Devasa, yeni doğmuş yıldız sistemleri gezegenin iç kısmında hakimdir ve geriye yalnızca dağınık halde birkaç gaz parçası bırakır.

READ  Korkunç bir nedenden ötürü yaşanabilir gezegenleri kolonize edemeyecek miydik?

Hubble (sol, orta) ve James Webb (sağ) teleskopları tarafından çekilen, Yaratılış Sütunları olarak bilinen Kartal Bulutsusu'nun aynı gök sütununun üç görüntüsü, yeşilden maviye ve yıldız alanına kadar kademeli ayrıntı ve renk değişimini gösteriyor .

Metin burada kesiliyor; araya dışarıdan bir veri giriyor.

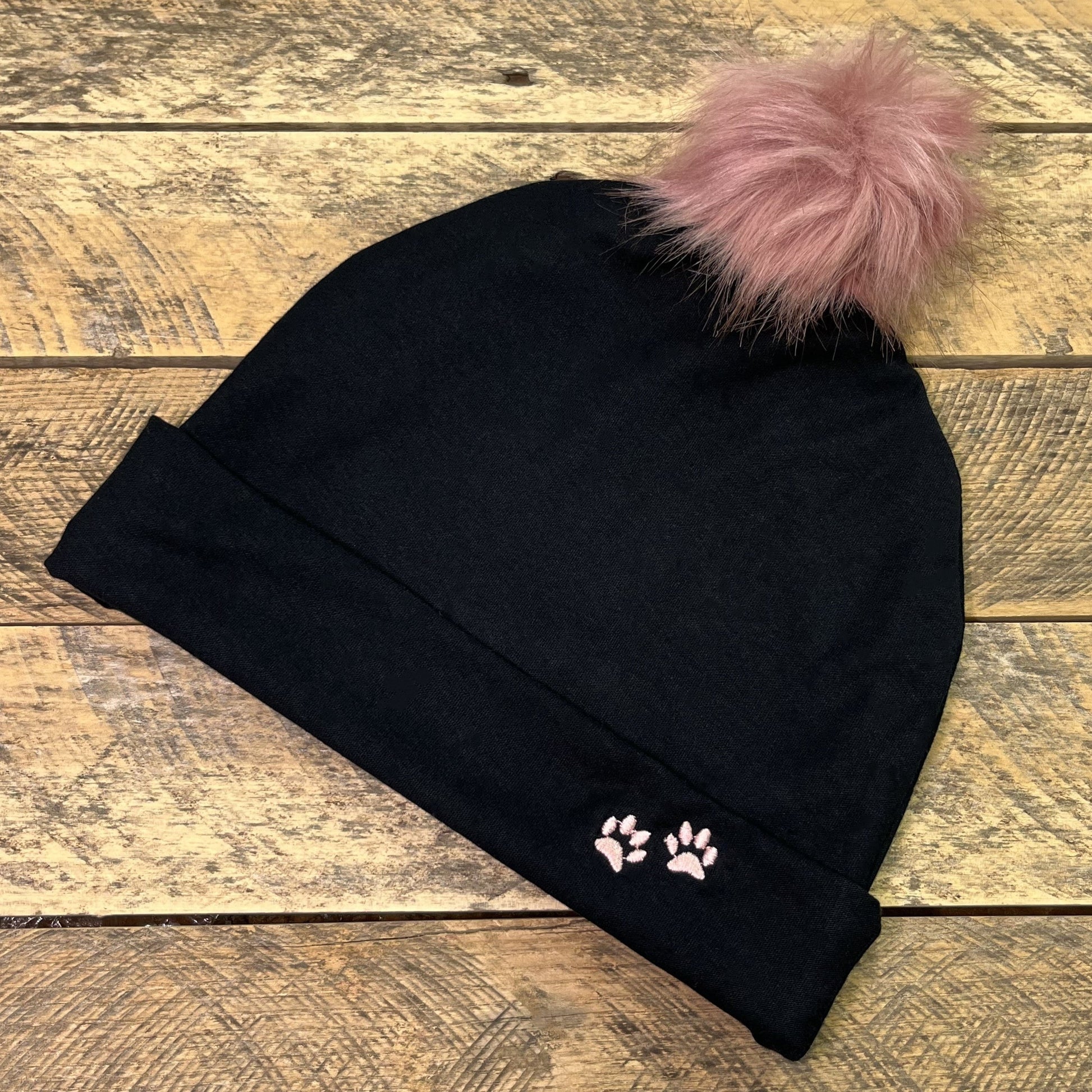 Stay warm this season with our black cotton knit winter hat. Comes in three sizes: Women's, Girls, and Boys. All hats are adorned with Bailey n Buddies paw prints.

Yaratılış Sütunları’ndaki merkezi sütunun bu üç panelli görünümü, ona dair görüşümüzün 1995 Hubble görüntüsünden, 2022 James Webb Uzay Teleskobu görüntüsü aracılığıyla 2014 Hubble görüntüsüne nasıl evrildiğini gösteriyor. Sütunun toz bileşimi ve James Webb Uzay Teleskobu’nun ortaya çıkardığı, Hubble gözü için tamamen belirsiz olan arka plandaki yıldızlar dikkat çekicidir. Kolonun tepesine yakın birinci ve üçüncü paneller arasındaki renk farklılıkları, kolonun kendi içindeki enerji aktarımının kanıtını sağlar.

Kredi: NASA, ESA, CSA, STScI; Hubble Miras Ekibi; J. Hester ve P. Squin; E. Siegel tarafından derlenmiştir

Hala yaklaşık 4-5 ışıkyılı yüksekliğinde üç yüksek sütun var: Yaratılış Sütunları.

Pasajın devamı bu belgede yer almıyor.